You don’t have to toss a bucket of sand onto our floor, unfold a beach chair, slather your face with SPF 50, erect a striped umbrella, or even think about flip flops in order to bring the beach to Peaks and Pints. Enter tropical craft beer. Brewers have created beers that taste like a Hawaiian vacation. Many of the recently released hops have flavors and aromas ripped from a fruit bowl, including Citra (papaya, mango), El Dorado (watermelon, pears), Galaxy (peach, melons), Hull Melon (honeydew), Mosaic (berries), Sterling (sweet grass) and Sorachi Ace (lemons). Dial up a recipe with these hops, used later in the brewing to emphasize flavor and aroma, not bitterness, and you can create a juicy beer that’ll rival a Mai Tai for all your tropical-drinking pleasure. Peaks and Pints heads to the beach today with Craft Beer Crosscut 9.25.17: A Flight of Beach.

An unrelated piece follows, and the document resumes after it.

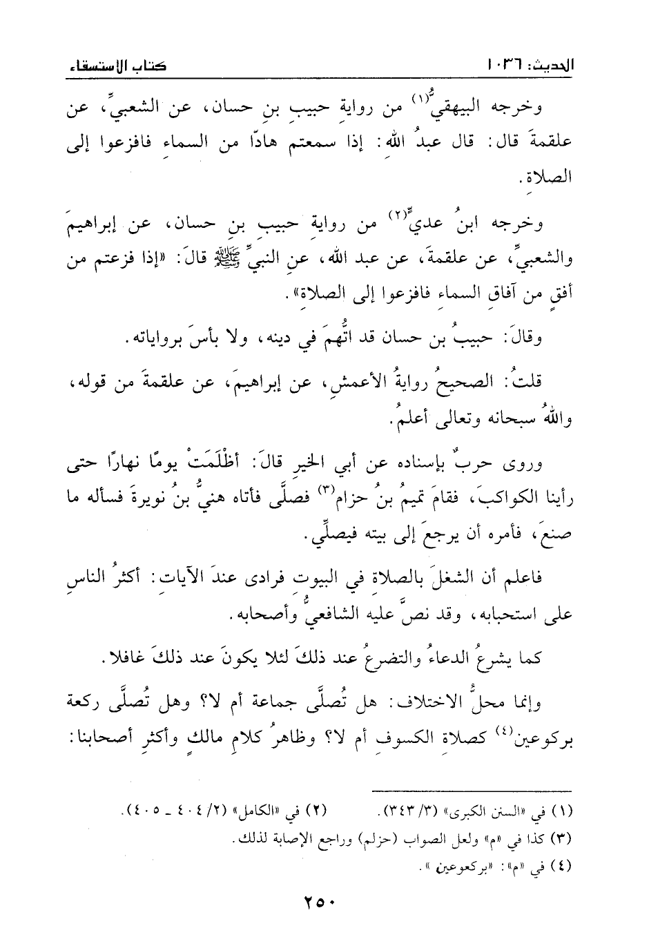 واعلم؛ أن الشغل بالصلاة في البيوت فرادى عند الآيات أكثر الناس

Green Flash Passion Fruit Kicker
5.5% ABV, 5 IBU
Despite being well known throughout the world for making great hoppy beers, the Lupulin-obsessed brewers at Green Flash feel the need to keep pushing the envelope rather than resting on their green, leafy laurels. Enter Passion Fruit Kicker, an India pale ale brewed with wheat malt, 2-row malted barley and dry-hopped with experimental hop cultivars so even the brewers aren’t sure how it’ll turn out. And here’s the kicker: the beer is aged in oak barrels and has tart, tangy passion fruit added to the mix for an escapism IPA unlike any other.
Avery Liliko’i Kepolo
5.4% ABV, 10 IBU
The Liliko’i Kepolo (hard to say, easy to drink) from Avery Brewing is an unexpected delight! We don’t typically expect witbiers to be this interesting, original or surprisingly tart. It looks like your average Wit, with minimal, fine white foam over a hazy straw body, but lean in for a whiff and up wafts strong passion fruit, a little citrus and banana, coriander, and some creamy wheat malts. To taste, there’s an underlying spice throughout, but it starts off with a tart, citrusy bite, possibly due to the Bravo and Sterling hops. The passionfruit is evident, though not as heavy as on the nose, and the fuzzy mouthfeel reminds us of biting into a peach. The Liliko’i is a delicious, fun, and unique diversion from a autumn Monday.
O-Town Tropical Cream
5% ABV, 24 IBU
The American cream ale style emerged prior to Prohibition as brewers looked for a beer to compete with the emerging popularity of American light lager. Cream ale is light and easy drinking. It’s often overlooked among craft beer enthusiasts because it comes off as a little too “big brewery,” with its clean, non-offensive personality, which some mistake as bland … unless it receives the O-Town Brewing treatment. O-Town’s Tropical Cream is just that, with coconut, key lime and mango plus a smooth mouthfeel and finish.
Breakside Beachcomber
9.2% ABV, 25 IBU
Portland’s Breakside Brewery has tiki on the brain. Its strong golden ale Beachcomber with fresh ginger and Belgian yeast strains ages 11 months in Caribbean rum barrels, developing rich notes of coconut, molasses and burnt sugar. Breakside thought the flavors pointed so clearly toward tiki cocktails that the brewers decided to make a cocktail beer out of it, aging the beer on vanilla bean, toasted almond and a bit of lime zest. Mahalo!
Maui Brewing Coconut Hiwa Porter
6% ABV, 30 IBU
Brewed with hand-toasted coconut and six varieties of malted barley, Maui Brewing‘s Coconut Hiwa Porter is a very dark, almost impenetrable, black coffee color. The aroma recalls baked coconut macaroons or, on the other end of the spectrum, coconut suntan lotion. The coconut flavor is present, but not overwhelming in the mouth, along with other roasted earthy lactose flavors.